Все мои расставания с беззаботными моими любовями, вся моя расписная тоска по России, обиды на литературных критиков, — всё это даже отдалённо не напоминало настоящую боль. Её я — впервые в жизни — испытал только в тот вечер, и это было далеко за гранью всего, что я мог вытерпеть. Меня будто потрошили заживо. Я положил трубку на рычаг, не чуя собственной руки. Едва помню, как мама, сразу ощутив некий страшный потусторонний сквозняк, скороговоркой спросила: «Что случилось?». «Ничего особенного», — ответил я сухо и спокойно, но таким голосом, что у мамы сразу задрожали руки и жалобно вздёрнулись брови.
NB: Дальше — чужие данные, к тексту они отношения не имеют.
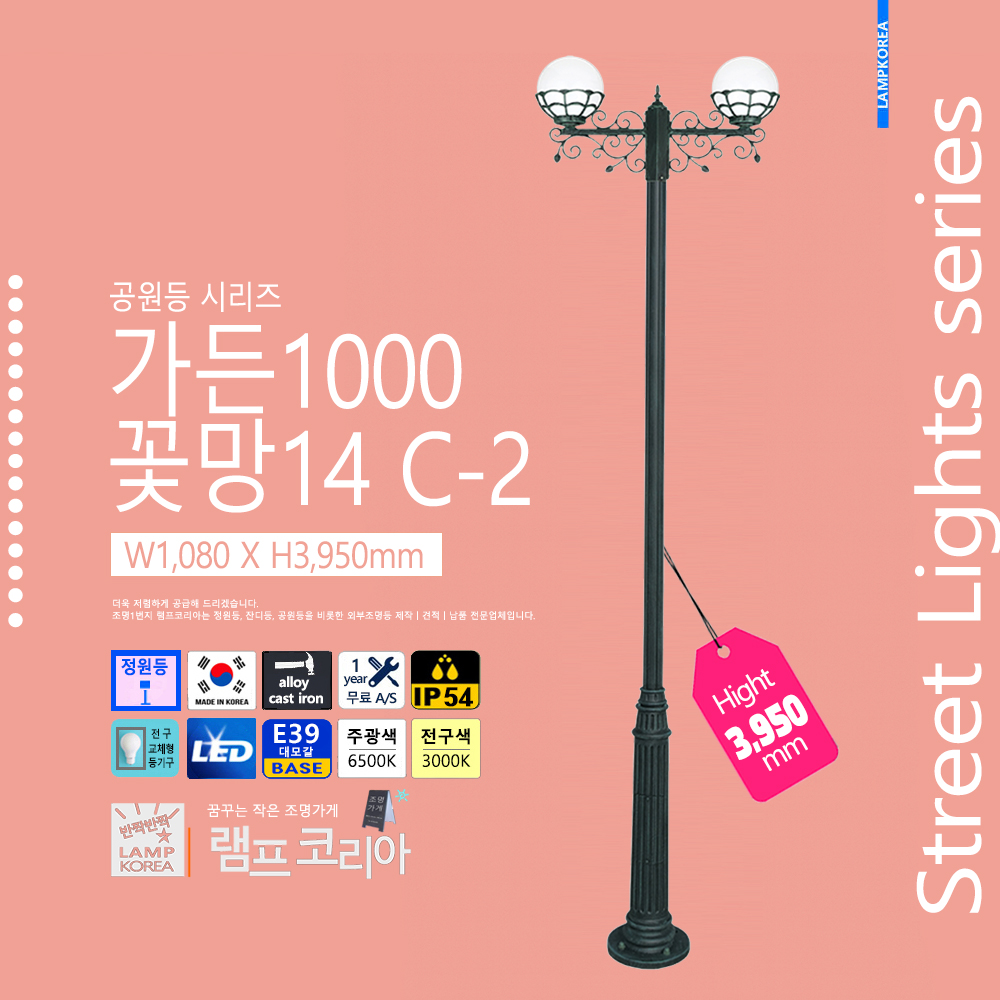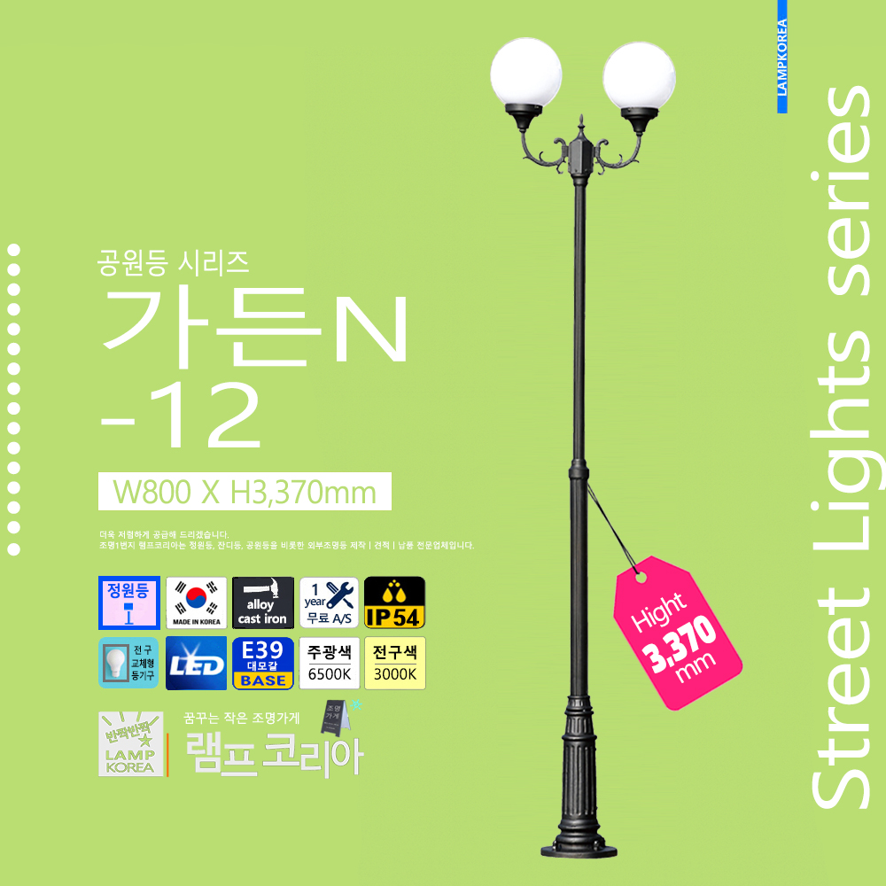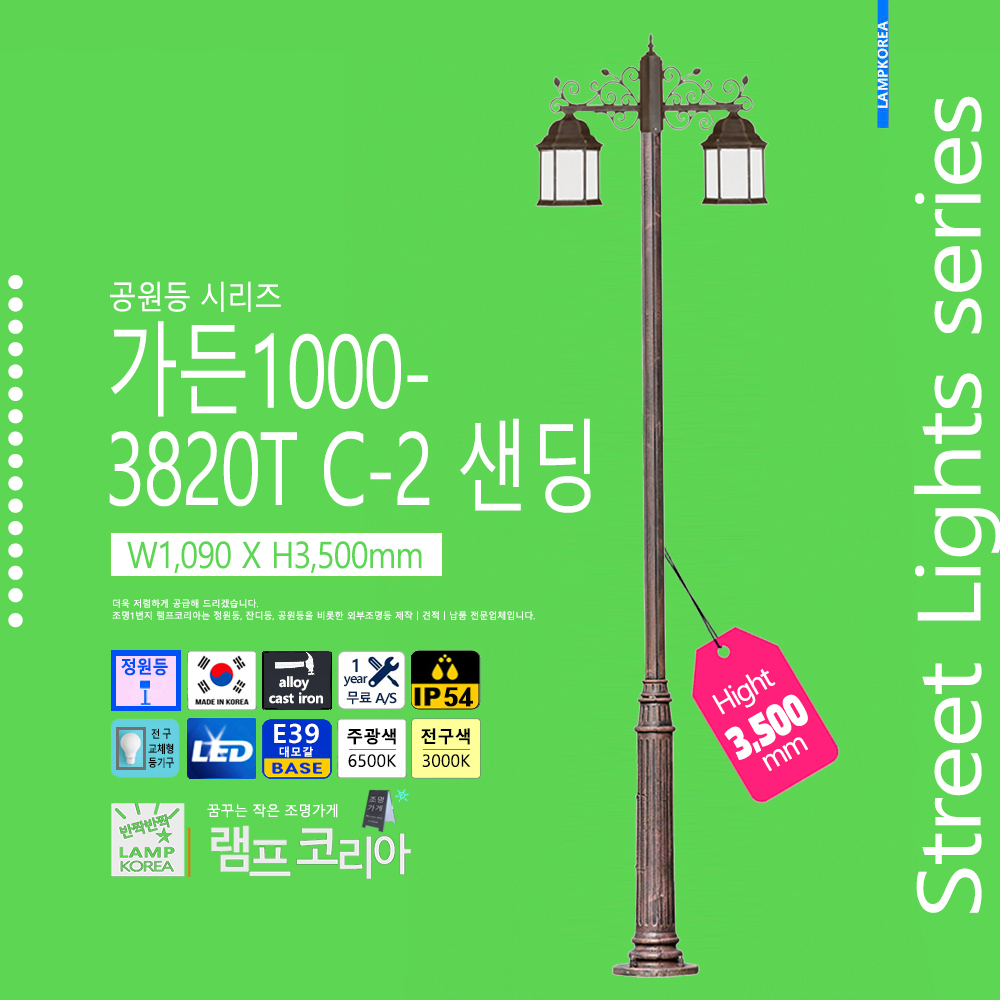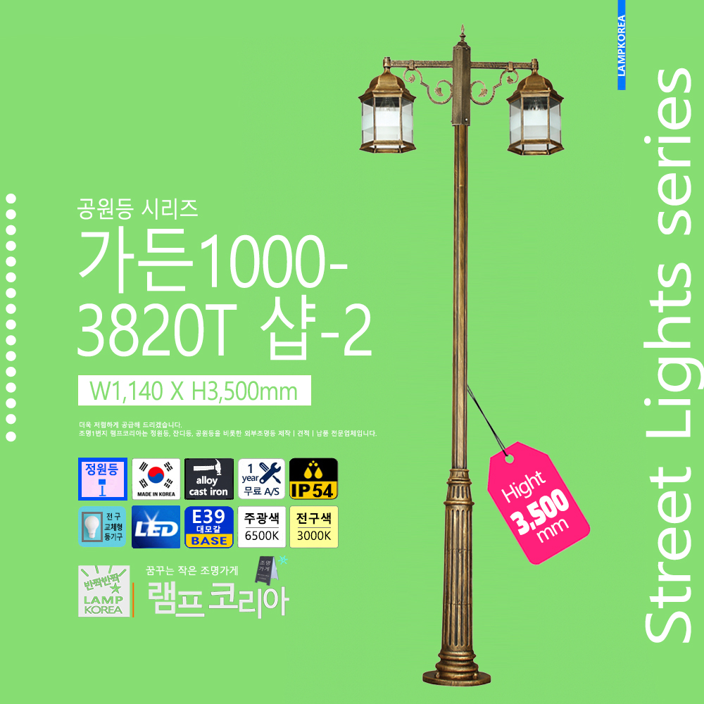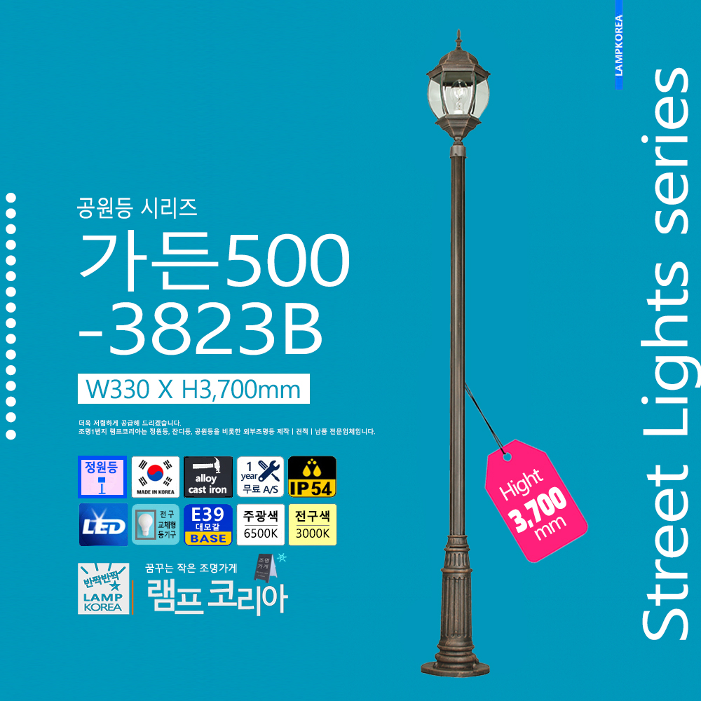 중형 공원등 가든500-3823B W330 X H3,700 알루미늄 주철합금 E39 LED전구사용 국내산 정원등

Отца застрелили. В берлинской филармонии, на большом собрании, среди множества людей — его одного. Моего доброго, остроумного отца. Глупо, нелепо, случайно. Он всего лишь пытался остановить одного из сумасшедших, собиравшихся убить совсем другого человека — сухого старика, равнодушного ко всему, кроме своей проклятой политики.

Я учился жить заново. Беззаботная моя юность кончилась. Вдруг оказалось, что у нас очень мало денег, потом выяснилось, что их нет вообще. Мне нужно было как-то зарабатывать на жизнь, и тут обнаружилось, что я прямо-таки фатально не пригоден к любой службе, сам мой телесный состав не совместим с конторой, я чувствовал смертельное удушье, едва представлял, как мне придётся каждый день, с утра до вечера, заниматься чем-то гибельно скучным, не имеющим ко мне никакого отношения, и жить в полную силу лишь несколько жалких поспешных часов перед сном. Моя любовь к Светлане поблёкла, отдалилась, но я продолжал ходить на свидания с ней, скорее по привычке, да ещё потому, что мама постарела стремительно, я должен был служить ей опорой и утешением, а меня утешать было некому, и в неглубокой, полудетской доброте Светланы и её старательном участии было хоть что-то, питавшее меня. В одну из наших прогулок я предложил ей руку и сердце. Мне было тоскливо, неопределённо, и так хотелось хоть какой-то ясности в будущем, пусть хотя бы ясности в нашей игрушечной любви. Теперь я понимаю, что Светлана согласилась просто из жалости. От щёголя и бонвивана, которым она так увлеклась полтора года тому назад, не осталось ничего, я одевался как придётся, в серое и тёмное, улыбался редко, не шутил, не смеялся, кажется, вообще.